> **What is being asked**
Retype the material that follows exactly, limited to the lines from the one with "Zirkon Taşlı Çiçek" through the one with "Men Shirts Summer", and keep out all pictures.

> **Input data**

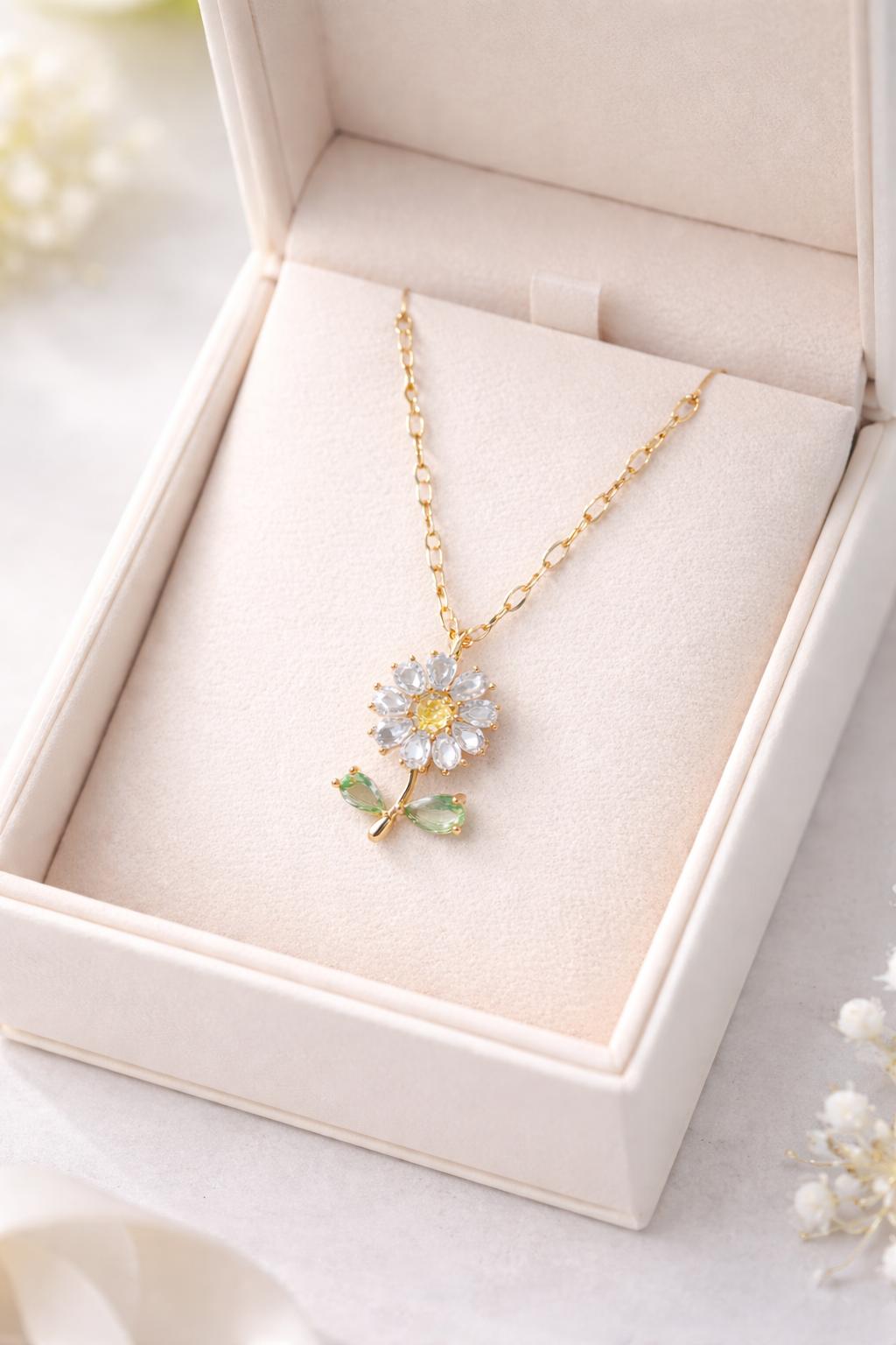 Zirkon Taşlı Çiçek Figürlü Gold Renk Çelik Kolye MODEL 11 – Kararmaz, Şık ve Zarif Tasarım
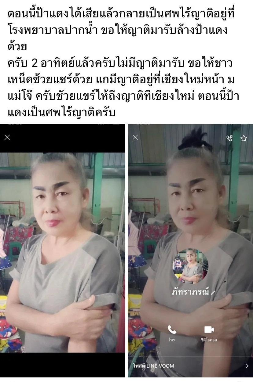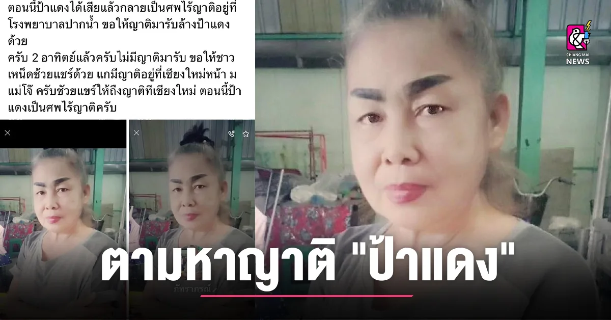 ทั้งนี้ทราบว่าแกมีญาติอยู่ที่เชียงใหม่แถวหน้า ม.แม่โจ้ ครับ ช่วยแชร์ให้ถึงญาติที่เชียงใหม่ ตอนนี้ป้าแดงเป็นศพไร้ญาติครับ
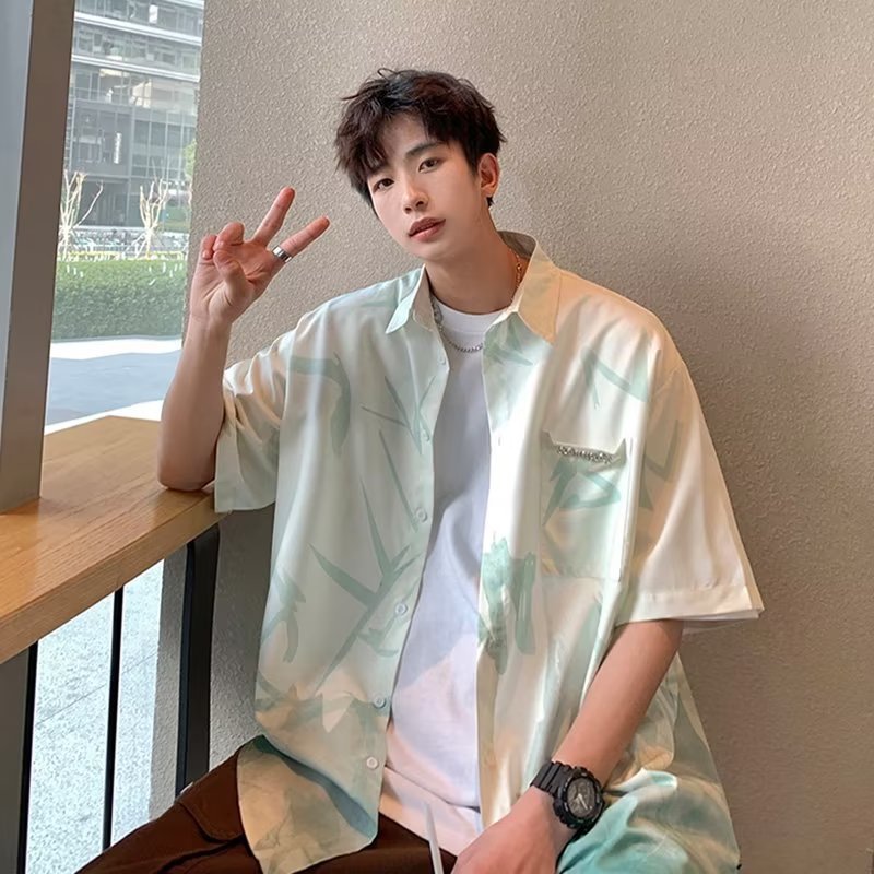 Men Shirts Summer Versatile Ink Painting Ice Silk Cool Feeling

==

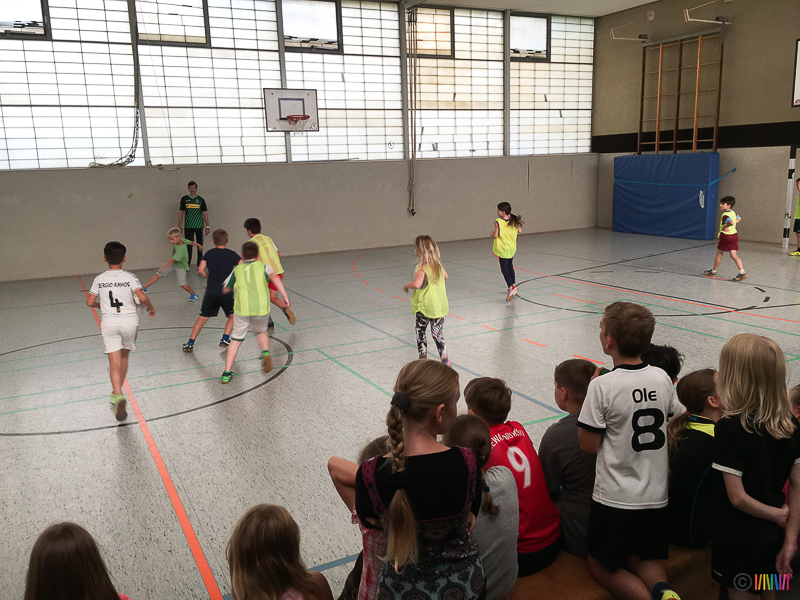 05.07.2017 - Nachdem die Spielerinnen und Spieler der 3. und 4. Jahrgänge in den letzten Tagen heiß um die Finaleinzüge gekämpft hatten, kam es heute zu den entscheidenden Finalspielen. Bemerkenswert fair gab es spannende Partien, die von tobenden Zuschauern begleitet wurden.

> **Your solution**
 Zirkon Taşlı Çiçek Figürlü Gold Renk Çelik Kolye MODEL 11 – Kararmaz, Şık ve Zarif Tasarım
 ทั้งนี้ทราบว่าแกมีญาติอยู่ที่เชียงใหม่แถวหน้า ม.แม่โจ้ ครับ ช่วยแชร์ให้ถึงญาติที่เชียงใหม่ ตอนนี้ป้าแดงเป็นศพไร้ญาติครับ
 Men Shirts Summer Versatile Ink Painting Ice Silk Cool Feeling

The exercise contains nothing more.